### Aim of the task:
Restate the whole of the data below word for word, skipping the images.

### Dataset content:
.....

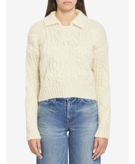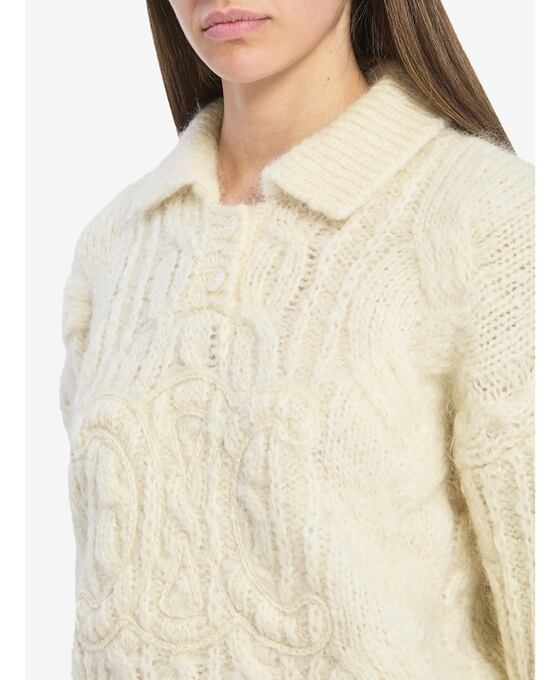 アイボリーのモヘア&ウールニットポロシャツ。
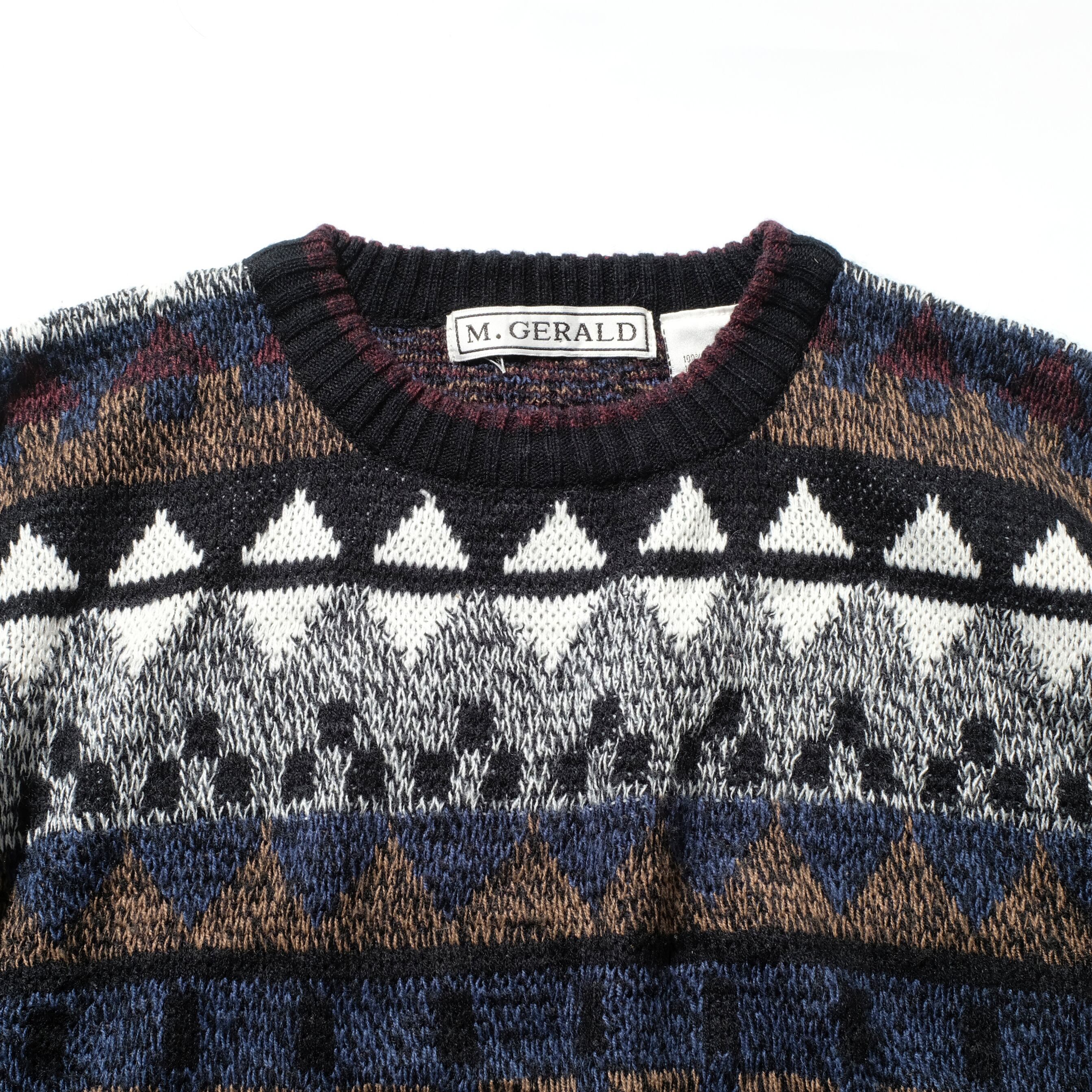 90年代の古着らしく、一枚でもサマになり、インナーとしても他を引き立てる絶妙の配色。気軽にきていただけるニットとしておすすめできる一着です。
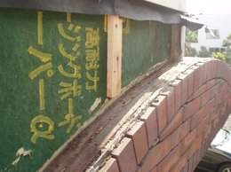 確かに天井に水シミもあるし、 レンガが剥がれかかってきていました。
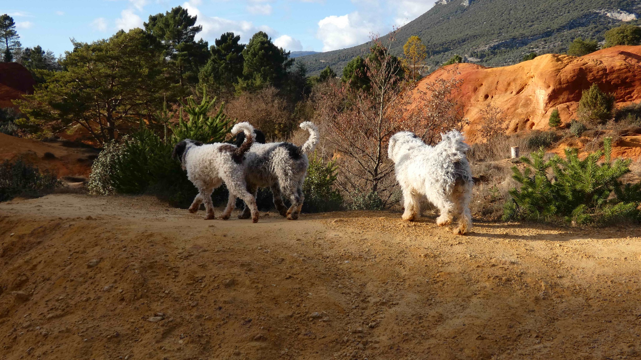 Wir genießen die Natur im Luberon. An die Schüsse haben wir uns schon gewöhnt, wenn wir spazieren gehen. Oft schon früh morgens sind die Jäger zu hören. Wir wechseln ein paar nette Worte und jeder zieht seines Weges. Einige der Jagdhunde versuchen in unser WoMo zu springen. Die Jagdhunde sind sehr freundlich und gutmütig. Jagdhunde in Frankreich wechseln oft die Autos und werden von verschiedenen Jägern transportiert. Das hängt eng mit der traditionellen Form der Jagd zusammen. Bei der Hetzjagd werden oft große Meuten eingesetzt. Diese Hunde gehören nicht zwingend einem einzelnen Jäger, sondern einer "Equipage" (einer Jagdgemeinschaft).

.....

### Expected output:
 アイボリーのモヘア&ウールニットポロシャツ。
 90年代の古着らしく、一枚でもサマになり、インナーとしても他を引き立てる絶妙の配色。気軽にきていただけるニットとしておすすめできる一着です。
 確かに天井に水シミもあるし、 レンガが剥がれかかってきていました。
 Wir genießen die Natur im Luberon. An die Schüsse haben wir uns schon gewöhnt, wenn wir spazieren gehen. Oft schon früh morgens sind die Jäger zu hören. Wir wechseln ein paar nette Worte und jeder zieht seines Weges. Einige der Jagdhunde versuchen in unser WoMo zu springen. Die Jagdhunde sind sehr freundlich und gutmütig. Jagdhunde in Frankreich wechseln oft die Autos und werden von verschiedenen Jägern transportiert. Das hängt eng mit der traditionellen Form der Jagd zusammen. Bei der Hetzjagd werden oft große Meuten eingesetzt. Diese Hunde gehören nicht zwingend einem einzelnen Jäger, sondern einer "Equipage" (einer Jagdgemeinschaft).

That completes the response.